# [Supplied information]
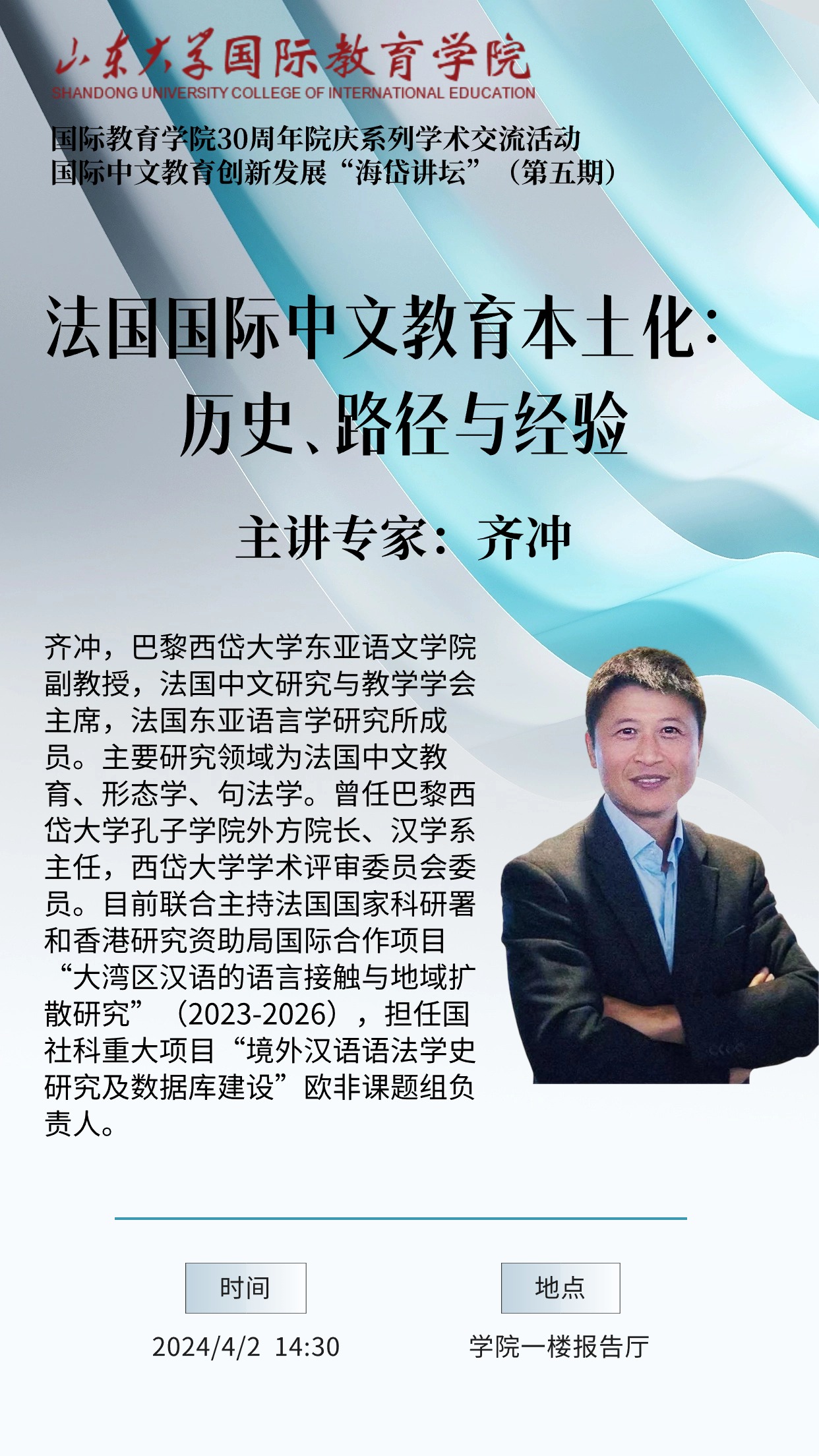 齐冲,巴黎西岱大学东亚语文学院副教授,法国中文研究与教学学会主席
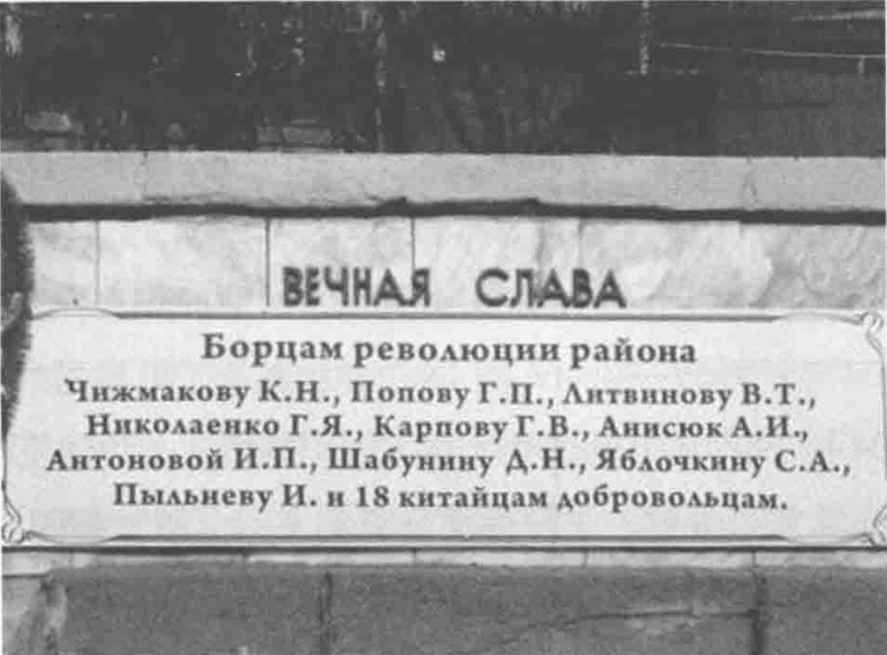 根据区兵役局2009年资料记载,该墓碑(334号)为1918年至1922年苏联国内战争时期的纪念碑,共掩埋19人,其中16人为中国烈士。
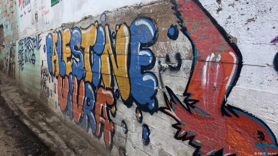 إنها لا تتذكر حياتها في فلسطين، التي اضطرت إلى تركها وراءها فقط، ولكن الماضي ترك أثره أيضاً في ممرات مخيم اللاجئين. ففي كل مكان تظهر العبارات نفسها وعلى تشابك أسلاك الكهرباء أيضاً، وهي "تحيا فلسطين" أو "الحق في العودة".
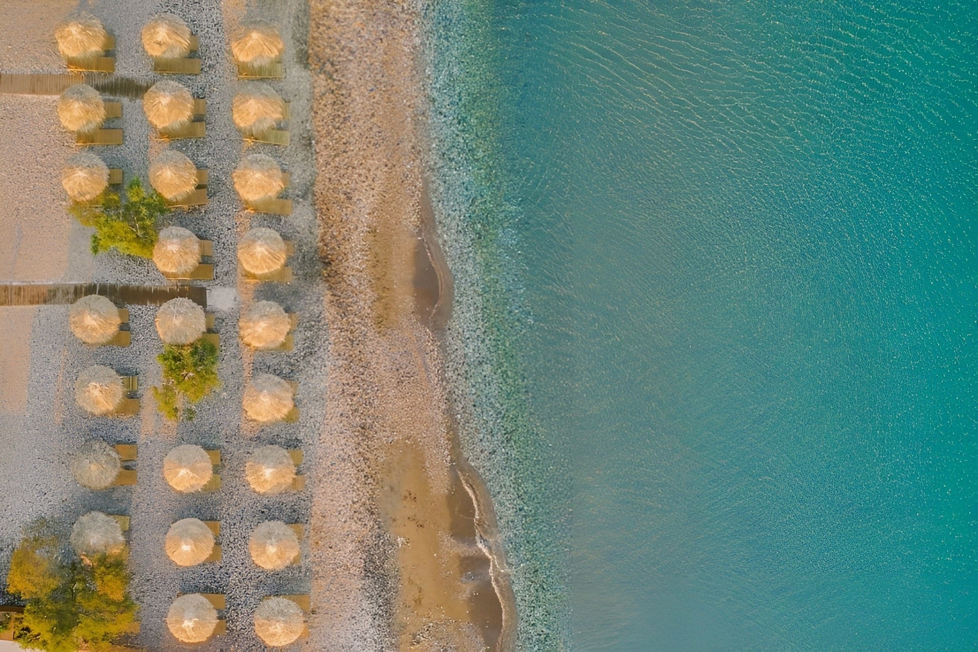 Pobřeží je pokryto oblázky a nabízí lehátka a slunečníky zdarma. Plážový bar funguje na bázi placeného servisu, což přidává další komfort k relaxaci na slunci.
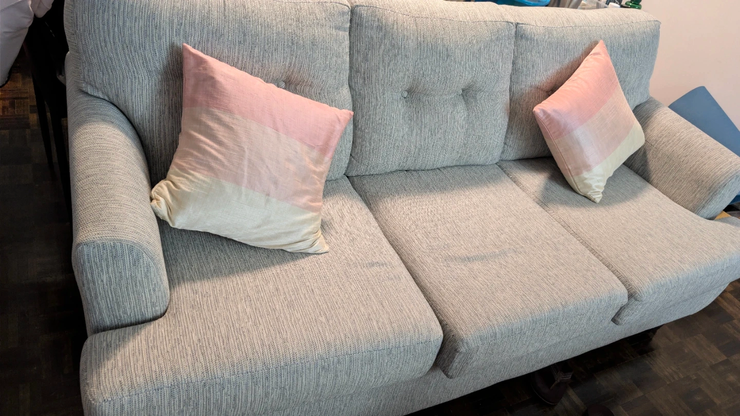 A comfy grey sofa is ready for your living room. It comes with two decorative throw pillows. Pillows comes with pillow covers in soft pink and cream stripe. The sofa has a modern design with tufted back cushions.
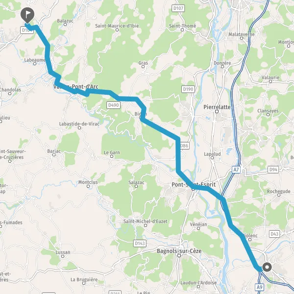 Au rond-point, prendre la 2ème sortie sur D579 (Route de Ruoms) et continuer sur 3,8 kilomètres
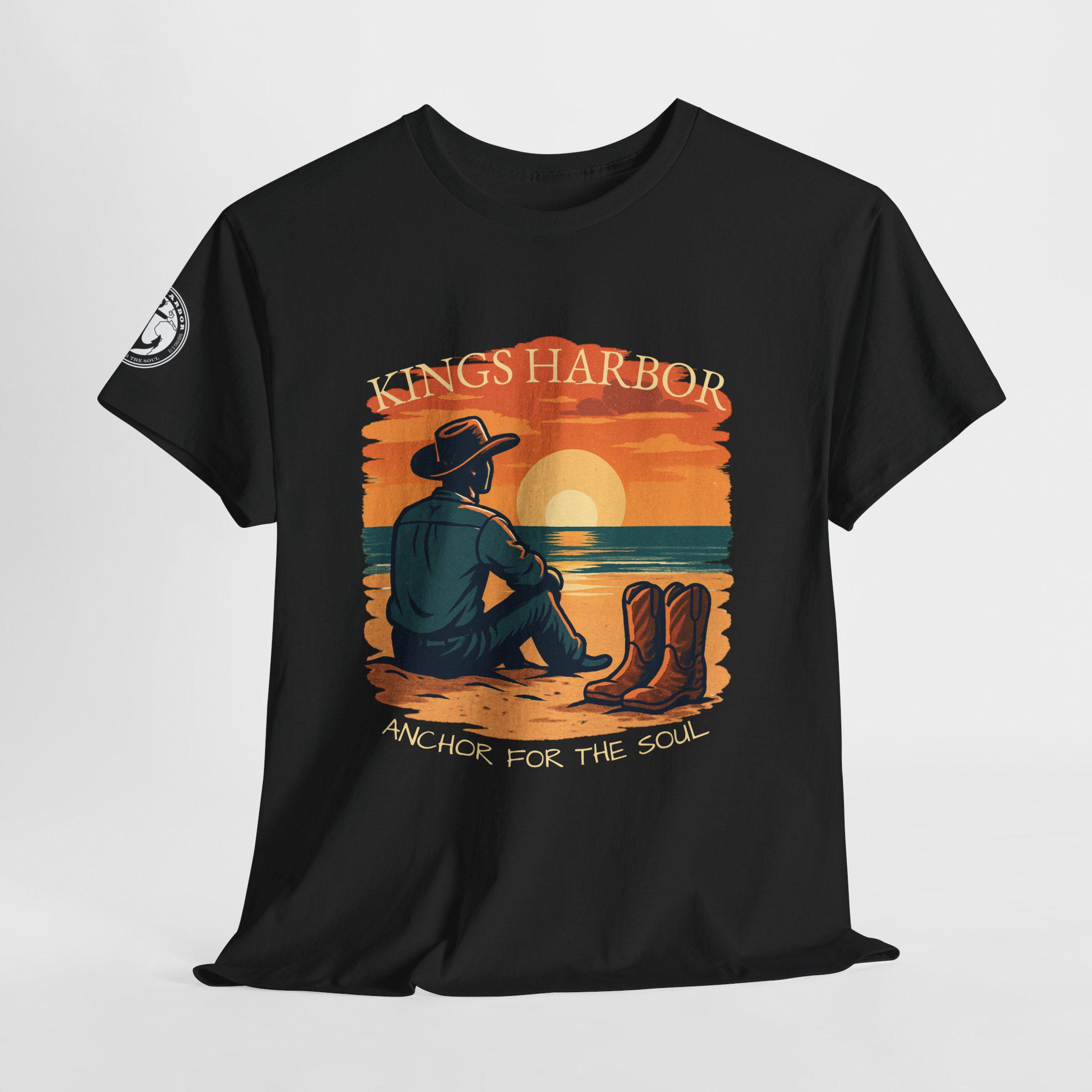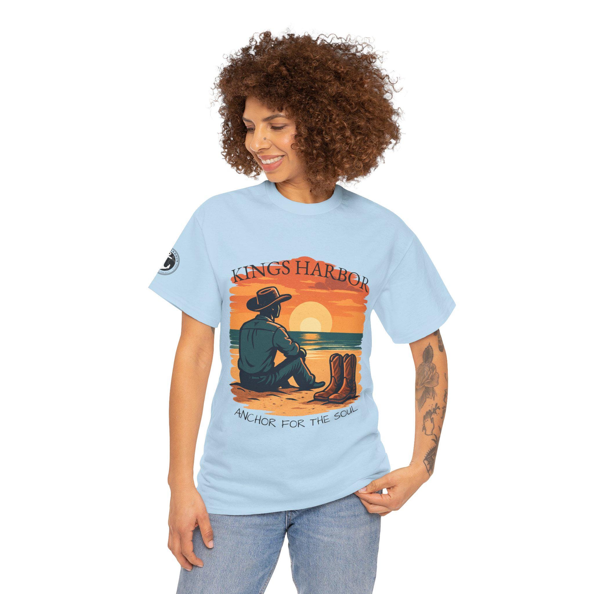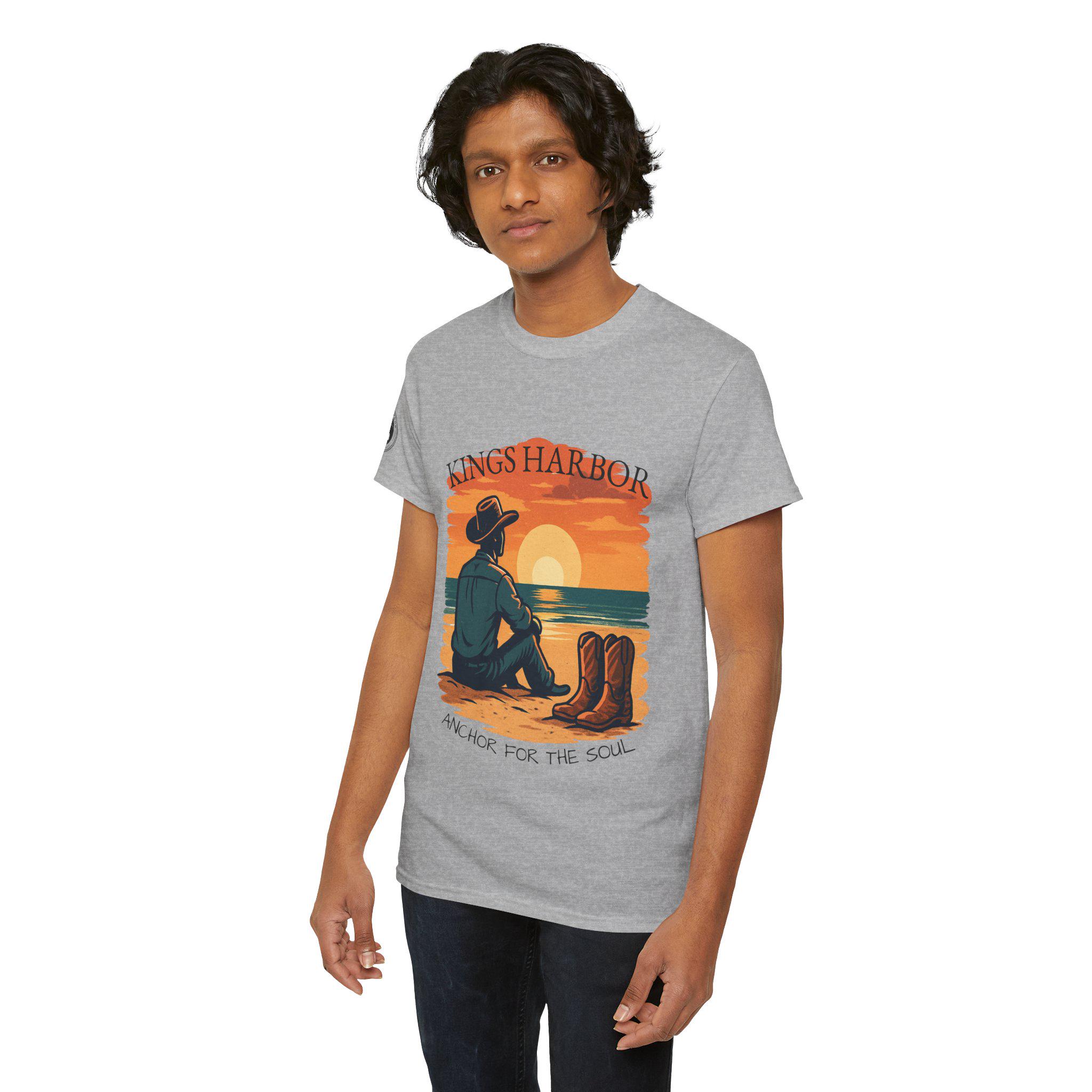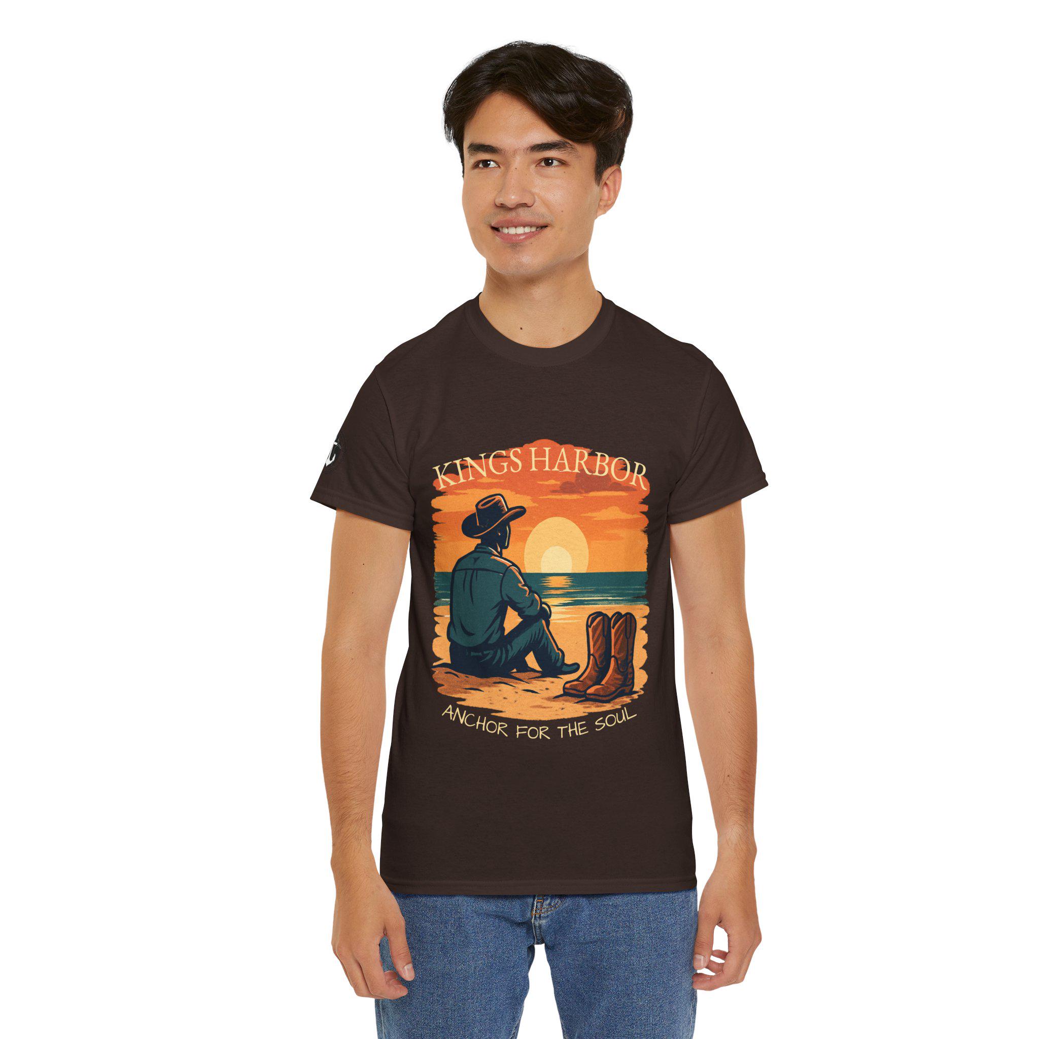 A relaxing and serene T-Shirt featuring a cowboy enjoying a sunset on the beach with his boots off. Perfect for those who love beach vibes and the wild west. Ideal for casual wear or as a statement piece for summer outings and vacations.

# [Instructions for the task]
Copy the lines starting at the line that contains "Au rond-point, prendre" and running to the final line of the entries, inclusive; omit all pictures.

# [Task output]
 Au rond-point, prendre la 2ème sortie sur D579 (Route de Ruoms) et continuer sur 3,8 kilomètres
 A relaxing and serene T-Shirt featuring a cowboy enjoying a sunset on the beach with his boots off. Perfect for those who love beach vibes and the wild west. Ideal for casual wear or as a statement piece for summer outings and vacations.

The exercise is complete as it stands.